» Try it: Using the data below, work out how many lines contain "Portes", and report only that number.

» Data section:
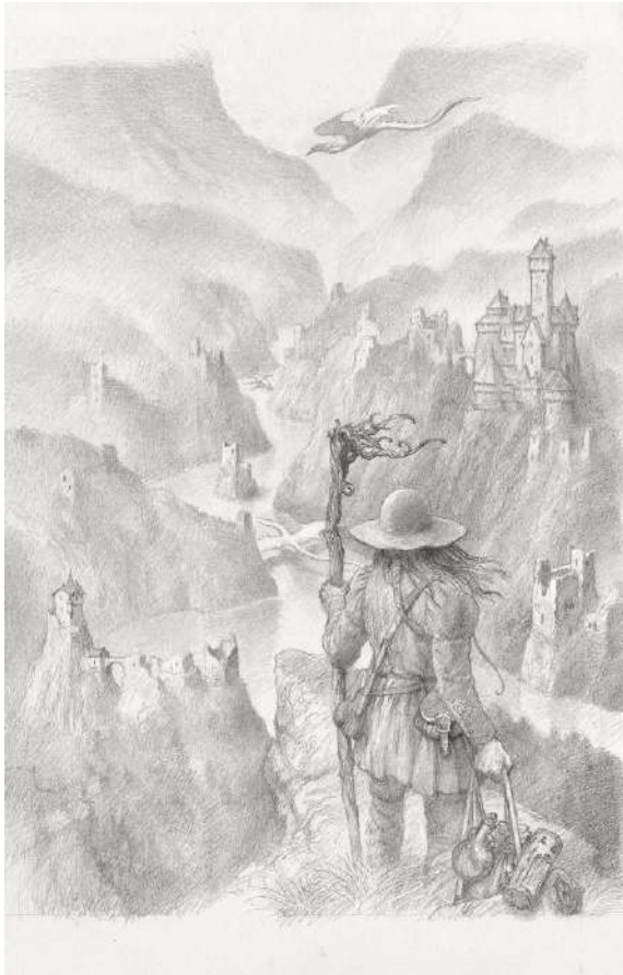
The Alchemist - Affiche des Portes du Temps Crédit : John Howe

Cette exposition mêlant architecture et fantastique compte parmi les événements mis en place pour les Portes du Temps . Ce dernier est un projet culturel créé par John Howe dans le cadre d'un partenariat avec la Collectivité Européenne d'Alsace (CEA) visant à réenchanter le patrimoine castral de la vallée rhénane.
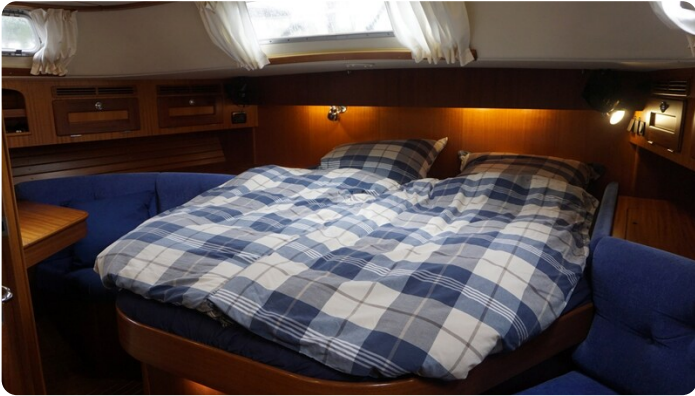
Hallberg Rassy 48 AURORA 31
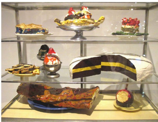
Claes Oldenburg, Pastry-case I, 1961-62, Plâtre, pain, émail, bois, plat en céramique sur plaque de verre et métal, New-york, Moma

» Result: 2